She called me Jeff during sex, I just kept going like nothing happened. To think, if I was a woman that would be a problem.
I just witnessed Grandma making her infamous daiquiris. Extraordinary.
We met at my place after separate parties but the condom wrapper was red with hearts and said love. Does that count as a romantic date?
I don't care that you fucked her. I'm offended that once again, you fucked someone with me in the room because you assumed I was asleep.
Stayed out til 7 am.... Did u know there's a guy who goes up and down the quad at that hour playing bagpipes?
These bathrooms are miraculous. I'd love to have sex in here. Wow. I've peed 5 times.
After so many times of carrying your puked covered clothes home in a bag on a Tuesday morning, you begin to realize that Fucked Up Mondays aren't a real thing.
I have been referring to it as "thanks for getting out of me day" all week.
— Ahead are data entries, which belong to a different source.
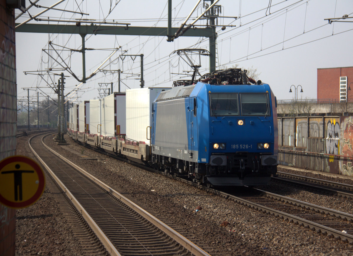 185 526-1 von BLS kommt mit einem LKW-Zug aus Kaldenkirchen(D) nach Domodossola(I) und kommt aus Richtung Mönchengladbach,Rheydt,Jüchen,Grevenbroich und fährt durch Köln-Ehrenfeld und fährt dann weiter in Richtung Köln-West,Köln-Süd. Aufgenommen vom Bahnsteig 3 in Köln-Ehrenfeld. Bei schönem Frühlingswetter am Nachmittag vom 14.4.2018.
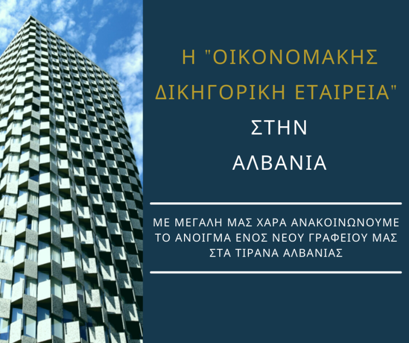 Το νέο γραφείο εξυπηρέτησης της «Οικονομάκης Δικηγορική Εταιρεία» στα Τίρανα Αλβανίας!
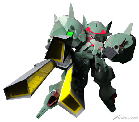 ‘机动战士高达F91’中登场的MS。虽然机体原先的防御力就很高,但在机体的HP低于40%以下时,将会发动技能1的“铁壁守备”,使防御力更进一步提升。虽然这个技能的效果会使冲刺速度减低,但发动技能2的“机动性上升”后,总合机体性能将会提升。
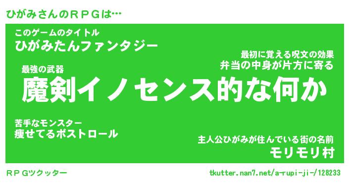 | ヒーロー風カッコイイあだ名 | 『スーパーヒガミ』『ウルトラひがみマン』 |
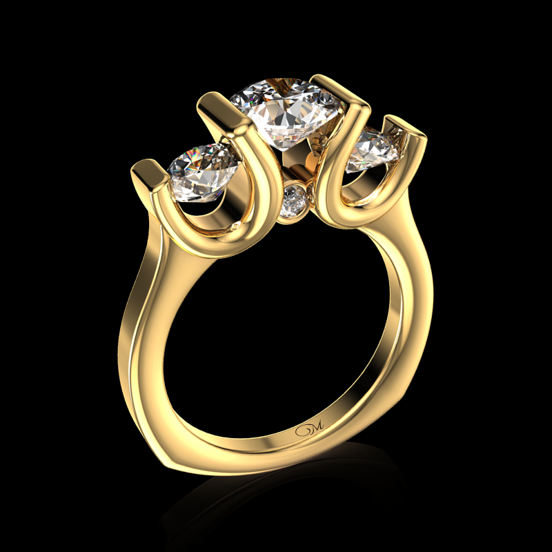 Center Stone Round-Cut Diamond 5.9mm Side Stones: 4.8mm Accent Stones 2 Round-Diamonds 0.15 ct.tw. Available in white gold, yellow gold, rose gold, 10K,14K,18K and platinum. Please contact us for pricing and more information.
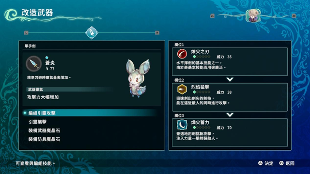 同時,遊戲還為每種武器都設計了可以自由組合的連段技能,不過數量卻也稱不上豐富,每段攻擊只有兩種替換。除了常規普攻外,武器也擁有可以造成大量傷害的「引靈襲擊」技能與增強自身屬性的「靈氣」,但形式就較為單一了。考慮到遊戲的體量與武器的種類,聊勝於無。
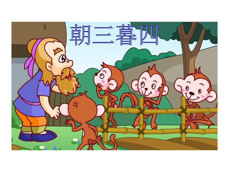 在战国时,宋国有位老人,家里养了好多只猕猴。当时他们家里粮食并不丰裕,猕猴们总是吃不饱。于是他想到一个办法,每天额外用橡树子喂食猴子。
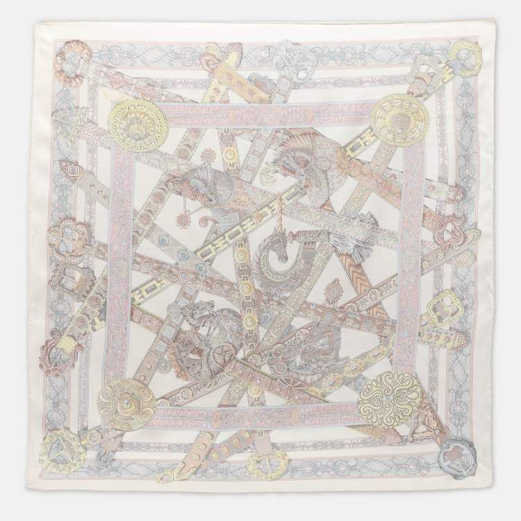 Pre Owned Hermes Cream Le Songe De La Licorne Printed Silk Scarf
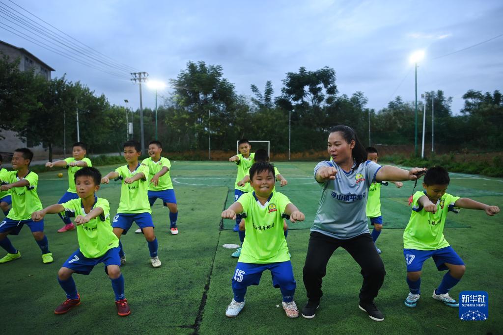 8月7日晚,孩子們在足球場上進行訓練(無人機照片)。
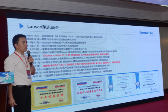 萊訊通信(深圳)有限公司湖北運營中心銷售總監陶洪武分享《可見光一秒尋線綜合布線應用解決方案》。lansan萊訊是全球可見光一秒尋線整體解決方案首創者,通過産品兩端發光的方式,解決了在數據中心、大型網絡中針對綜合布線尋線效率低,尋線成本高的問題,一秒鐘找到網線、信息模塊、銅跳線、光纖跳線等産品的兩端對應關系,該方案填補了行業的産品、市場、行業标準的空白,解決了當前智慧安防布線的發展趨勢及面臨的主要難題和整體解決方案。
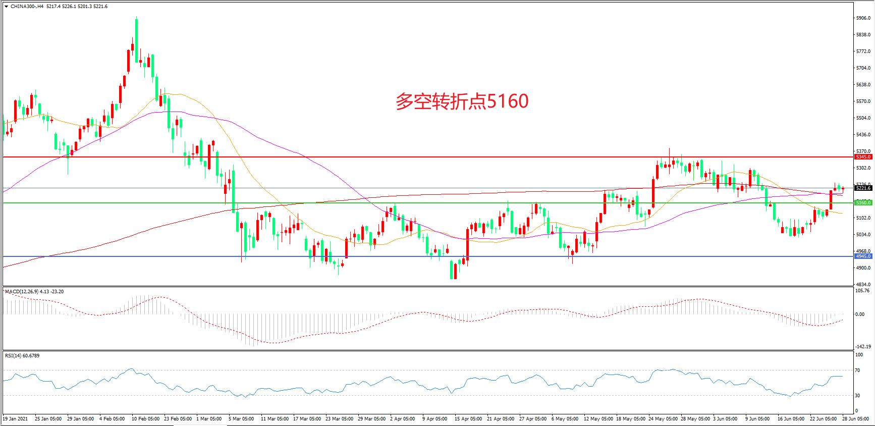 4小时图看,沪深300长阳拉升后延续高位震荡,短线行情受到提振,均线系统的阻力区间被突破,5160成为多空分水岭,MACD绿柱缩短,RSI指标走平,日内延续上行概率较大。
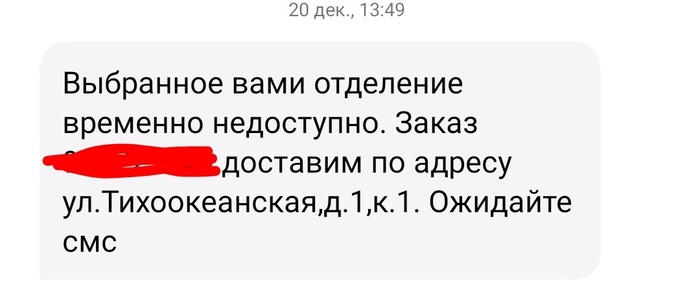 Соответственно сделал заказ в маркете от зеленого банка, предлагающего самую привлекательную цену товара и доставки, и стал ждать собственно доставки. 13.12 был сделан заказ, доставка оформлена до ПВЗ OZON/Boxberry в Осиновой роще по ул. Приозеское шоссе. Дата доставки была назначена на 20.12. В тот день, утром мне приходит смс от Боксберри, я ее мельком глянул, но не вчитался, подумал что заказ прибыл в ПВЗ. После работы по пути домой зашел в ПВЗ, достал телефон, чтобы посмотреть номер заказа и понял, что смс была совсем о другом, а именно о том, что отделение временно недоступно (несмотря на том, что я в нем стою, и оно вполне доступно), и что заказ будет доставлен по адресу ул. Тихоокеанская д. 1, к. 1. Глянув по карте, где это вообще находится, я понял, что мне до него 8 километров езды на такси или личном транспорте, или с пересадкой на неизвестный мне автобус неизвестно где.
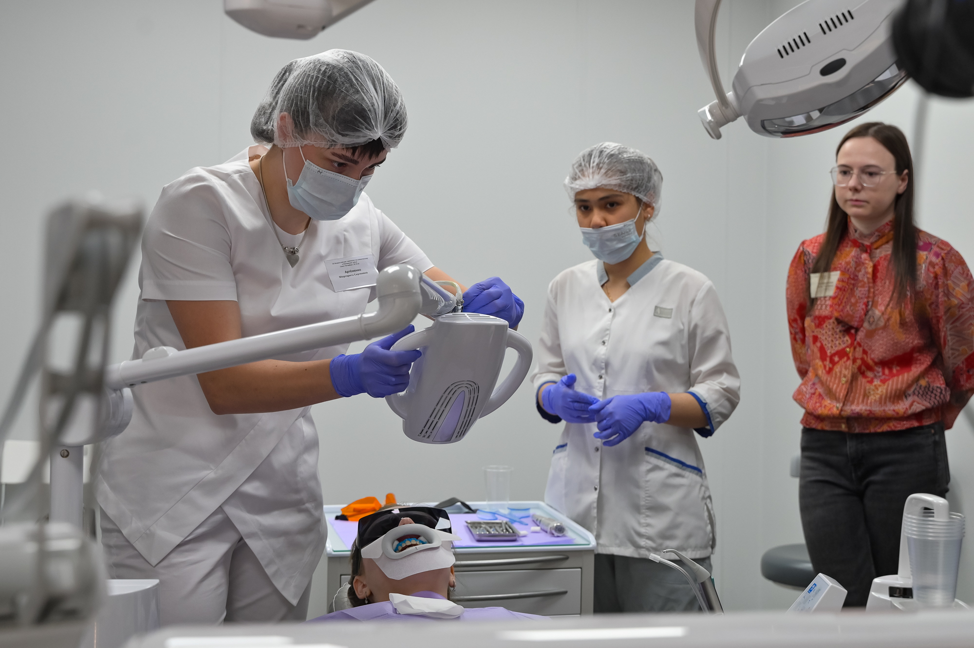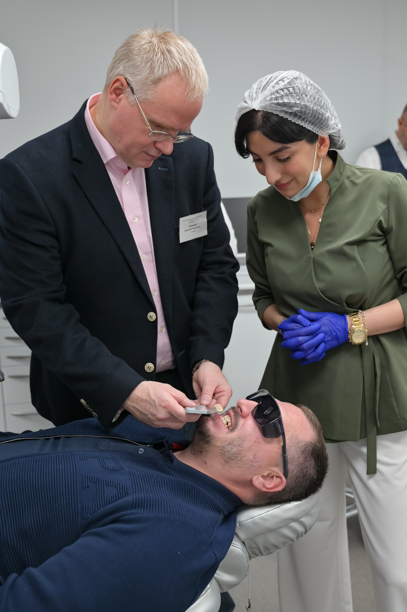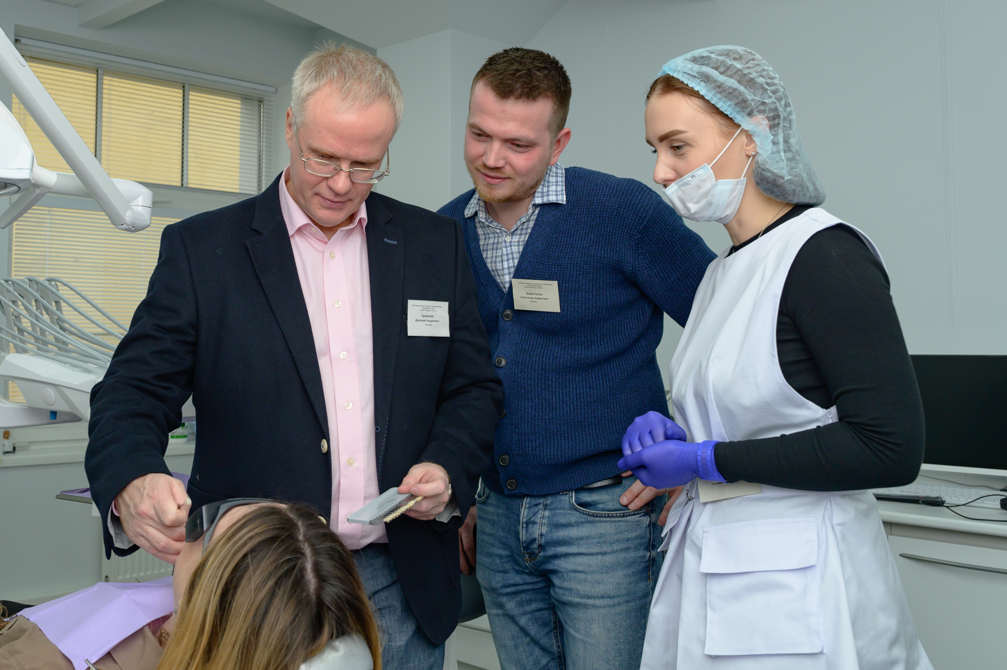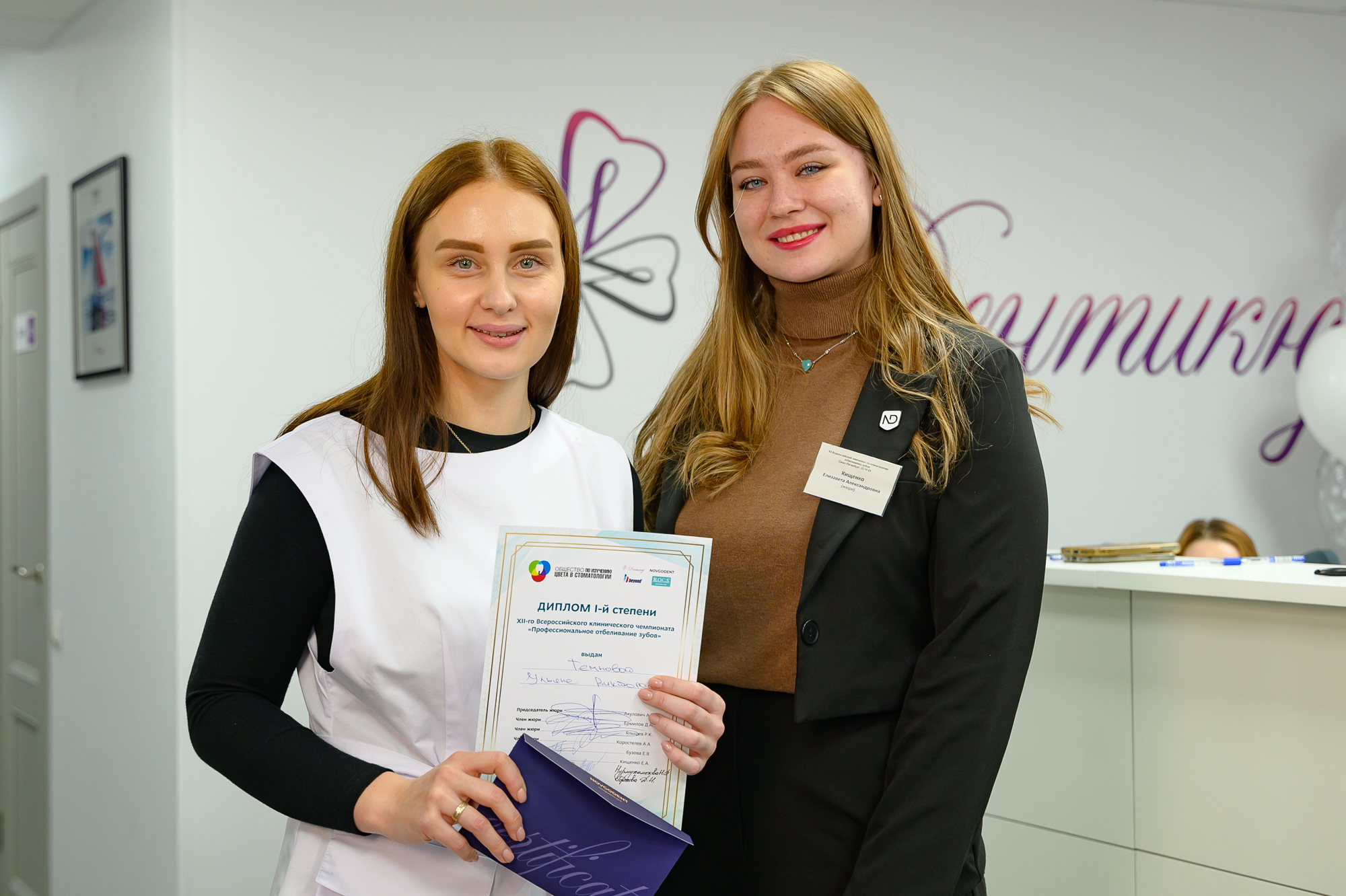 В составе жюри мы «соседствовали» вместе с лучшими профессионалами в сфере эстетической стоматологии: Андрей Викторович Акулович, Александр Андреевич Коростелев, Дмитрий Андреевич Ермилов, Нелли Разифовна Нурмухаметова, победительница первого чемпионата профессионального отбеливания зубов в истории Дарья Игоревна Горохова и победительница чемпионата 2022 года Екатерина Вадимовна Бузова.
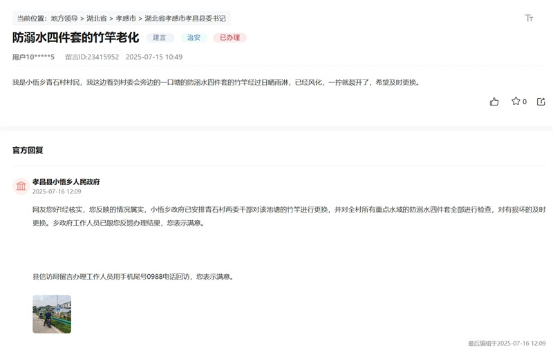 “村委會旁池塘的防溺水竹竿裂了,希望及時更換。”7月15日,孝昌縣小悟鄉青石村村民留言稱。
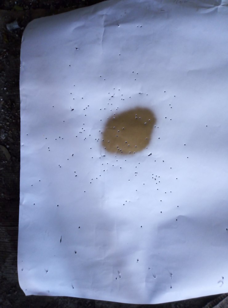 Стреляли с упора, расстояние 25 метров, патроны самокрут, дробь 5-ка, 32 грамма, пыж-контейнер ГП Н-21, порох G3000, 1,65гр, капсюль СХ2000, гильза Феттер б/у со стенда.
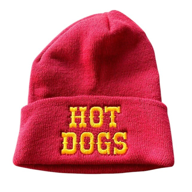 Burgundy knit beanie with golden yellow " HOT DOG" embroidery
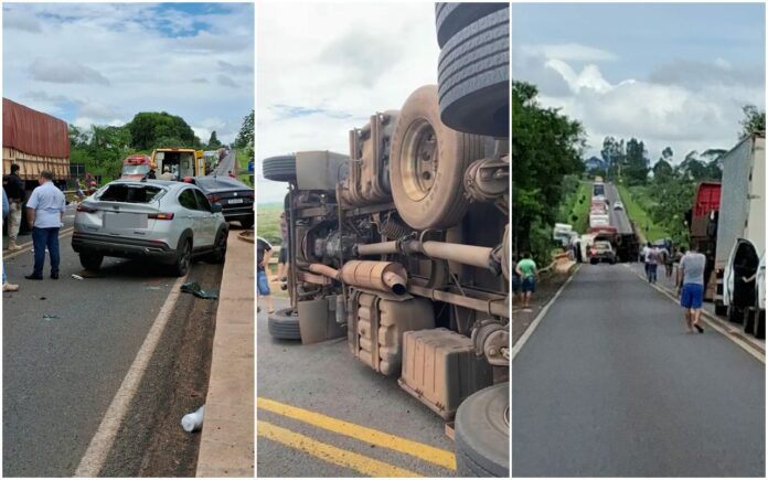 Segundo a imprensa local, dois veículos, modelos VW Virtus e Fiat Fastback, acabaram batendo em uma carreta, que tombou no meio da pista.
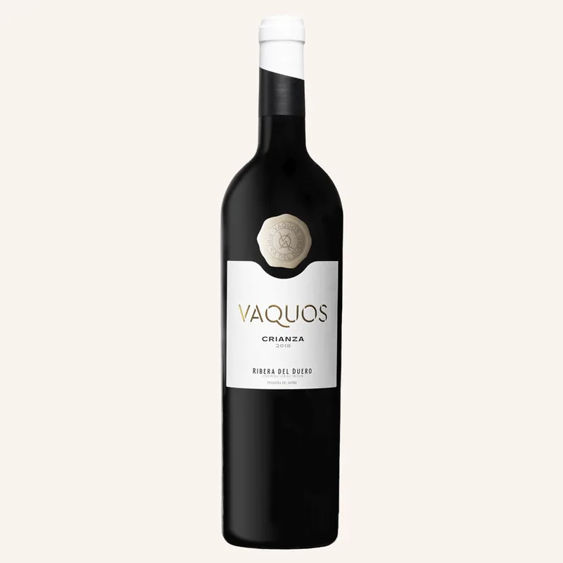 Vino tinto de Bodegas Vaquos, D.O. Ribera del Duero. Elaborado con Tempranillo 100%. Color cereza profundo con ribetes granate. Nariz compleja de fruta madura, cuero, tabaco y especias dulces. Boca estructurada, elegante, con taninos pulidos y final largo.
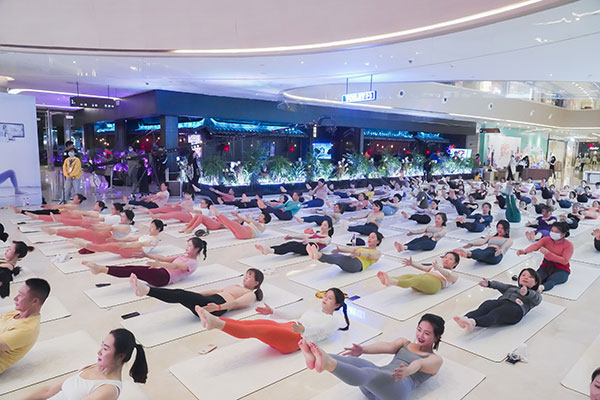 YUREN瑜伽与一禾瑜伽携手,在双子塔下的绿地缤纷城商场一楼大厅,为大家带来一场欢快愉悦的热汗体验。
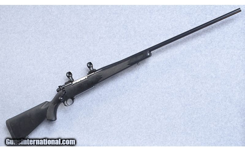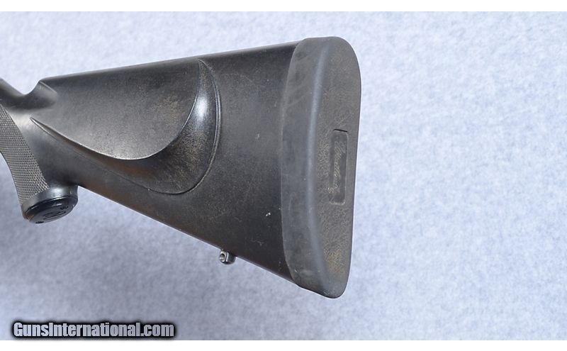 Description: This Weatherby Mark V Synthetic is chambered in Weatherby's flat shooting and powerful .270 Weatherby Magnum cartridge. The Mark V line is Weatherby's premium grade rifles and the Mark V Synthetic is branded as the economical Mark V. Weatherby is notable for their bolt-action operating systems–a modified Model 54 action–which is an early 20th century design for centerfire cartridges. Weatherby's Mark V's bolt body is designed with nine lugs that secure the bolt firmly into the receiver. With more lugs, or wider lugs, the bolt requires a short 54-degree lift for full rotation and chambering. Weatherby also strengthened the bolt body by milling it from a single piece of steel, so it can withstand more powerful cartridges. The Synthetic features a lightweight Monte Carlo synthetic stock and fore-end, both of which are checkered. In addition, the Mark V Synthetic has a steel barrel and receiver with a low luster matte bead-blasted blue finish. The Mark V Synthetic is equipped with a fully adjustable trigger that is initially factory-tuned to 3.5 pounds. Its bolt has a fluted body, which reduces surface area in turn weight. The Mark V Synthetic also has a cocking indicator that visually indicates whether or not the rifle is cocked and a recoil pad. This Mark V was made in Japan in the mid-1990s and is in very good condition. The bluing on the action and barrel is almost complete with a little bit of loss of bluing at the crown and about 5" down the barrel on the left side. See photos. The rifling is excellent and, with the addition of a scope, this would make a long range western deer and elk gun. .270 Weatherby Magnum SOLD Metal Condition: Very good Bore Condition: Excellent Barrels: 26 Triggers: Adjustable Stock Dimensions: 13¼" Length of Pull Butt Pad: Weatherby recoil pad Weight: 8.75 lbs Sights: Includes 1" Leupold standard rings and bases Item Location: Boise, ID |
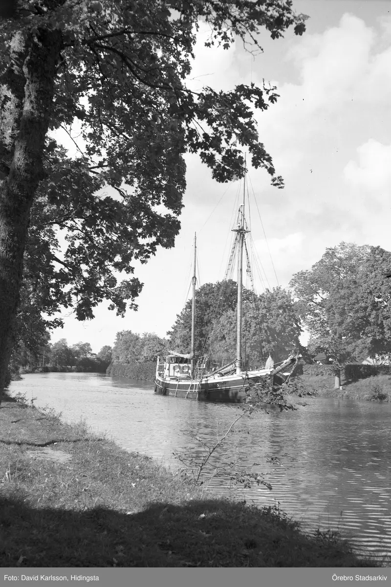 Båten Herman Goteborg utmed hjälmare kanal, 1930-tal

Do you think they will still take me to brunch tomorrow?
the fat guy in me is very excited, and the skinny guy in me is very excited for the fat guy in me
Don't be too mad at the guy who broke your kitchen table. Didn't get his name, but he knew all about your gay porn career. Like DETAILS...
Haha ohman remember when I peed in your blender? Gotta love college.
YOU DID WHAT???
Apparently she broke up w/ her bf like 3 weeks ago. She actually called me to be her bday hookup cause she's single now. Patience- the virtue that occasionally pays off.
If it exists, I've probably pregamed it.
Sorry about the nipples in that snapchat. It was meant for the Australian.